Our mix of live and near live tentpole content mixed with high quality entertainment is clearly paying dividends. The Masked Singer has returned for second season as the number one entertainment show on broadcast. And 911 is the top program on Mondays and it's the number two scripted program on all the television. And Prodigal Son is the highest-rated new broadcast program on any network this season.

In fact, in entertainment programming only, Fox ranks number one over the first six weeks of the season for the first time since 2011. Speaking of number one, the Fox News Network is on track to finish the calendar year as the number one cable channel for the fourth straight year. And as the number one news channel for 18 years running. And speaking of news our station group has continued to expand the already extraordinary amount of local news we broadcast which positions us well the robust political ad market we expect next year.

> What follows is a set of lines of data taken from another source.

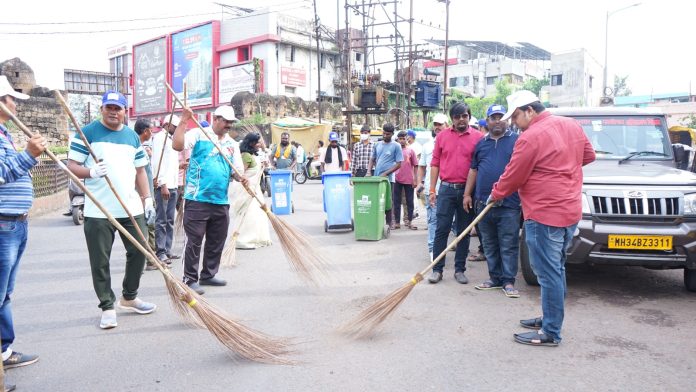 मनपाने राबविले स्वच्छता अभियान – ‘एक दिन, एक घंटा, एक साथ’ श्रमदान – स्वच्छता कर्मचाऱ्यांचा सत्कार
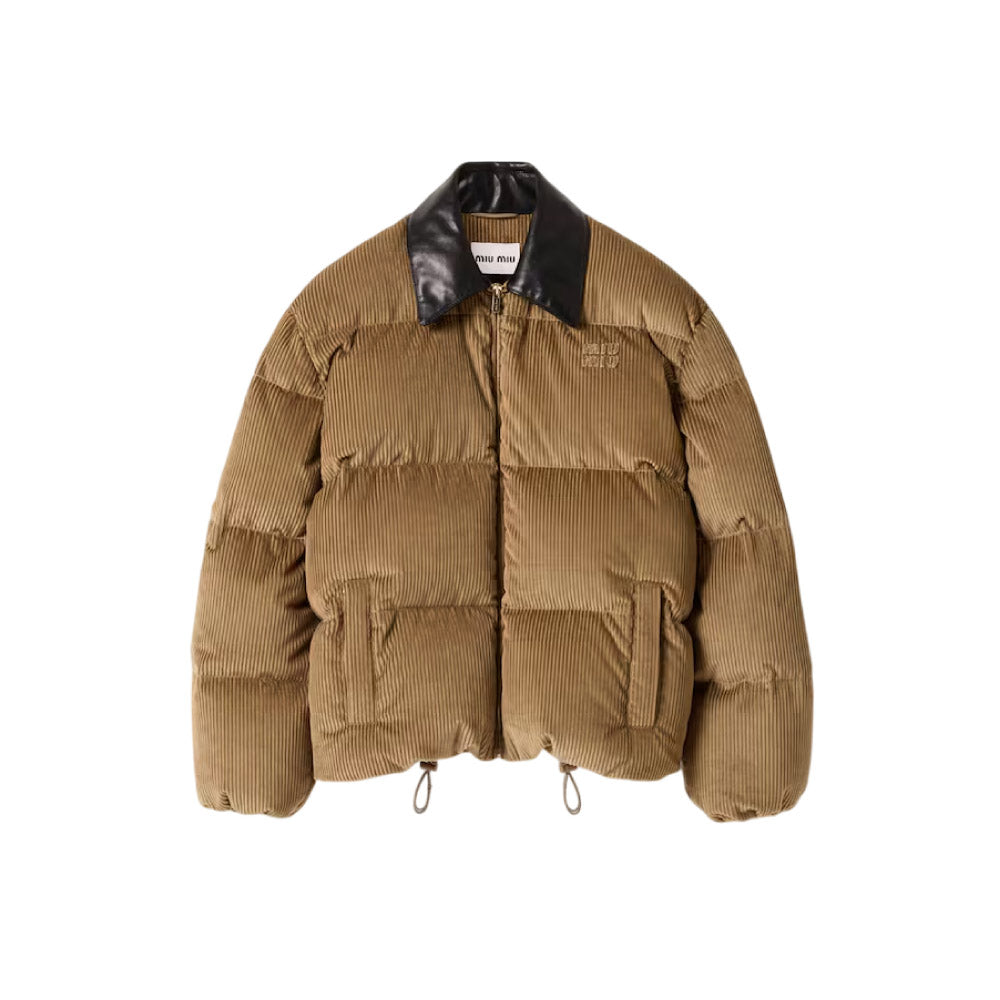 미우미우 코듀로이 및 나파 가죽 다운 자켓 베이지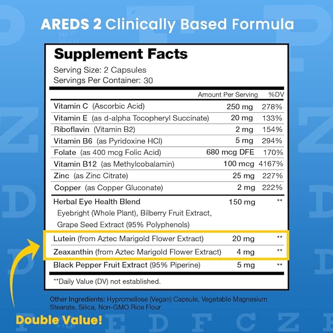 - Advanced AREDS 2 Formula - Our formula is fortified with essential vitamins B, C, E, Zinc, and Copper to nourish vision and eye health.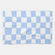 This sky blue and white handmade checkerboard pattern features uneven and wobbly hand drawn light pastel blue and white checkered squares arranged in a wavy grid.

The real strength and value of these distinctive brands is evidenced by the momentum we've had on the distribution and affiliate renewal front where we remain on pace to achieve the targets we’ve previously outlined. We have successfully renewed distribution agreements with Charter, DISH and Cox, along with affiliate agreements with Nexstar, Gray and TEGNA. In each of these renewals, we were able to achieve value that reflects the strength of our core brands.

Having said that, we have seen the rate of subscriber declines in the traditional MVPD universe escalate in recent months with this quarter yielding industry declines of over 4%. But it is important to note that the subscriber losses reported by just one distributor, which accounts for approximately 25% of pay television subscribers, represent the majority of the net losses we experienced over the past 12 months. That distributor accounts for almost 80% of total losses over the last year. And without them, sub losses would decrease to about 1.3%, helped by strong gains from the leading the MVPDs.

This is important because it suggests that it is too early to draw firm conclusions from a market that is still clearly fluid, especially in light of searching results from our leading digital partners. It is though something we are clearly focused on. Another area of focus is growing the company's digital revenues and businesses. I should mention that we do not include the MVPD distribution revenue in our digital results.

The reach of our direct platforms has grown to over 250 million users per month with total engagement grown to over 11 billion minutes per month. Interestingly, we now see well about 10% of our streaming audience consuming the 4K stream. With very positive feedback and we're excited to be the first broadcaster ever to stream the Super Bowl in 4K. It will be a groundbreaking experience for fans.

Our digital strategy inclusive of businesses like Fox Bet incredible its crucial to heightened engagement with our audiences, which is already driving meaningful growth. Year-over-year digital revenue has grown over 30% in the quarter and we continue to work to optimize our digital platforms. For the first time ever our Fox News, Fox Business and Fox Television Stations, Digital Properties are all now underpinned by the same text platforms. And FOX Sports' is being transitioned this quarter enabling us to drive improved monetization across these businesses.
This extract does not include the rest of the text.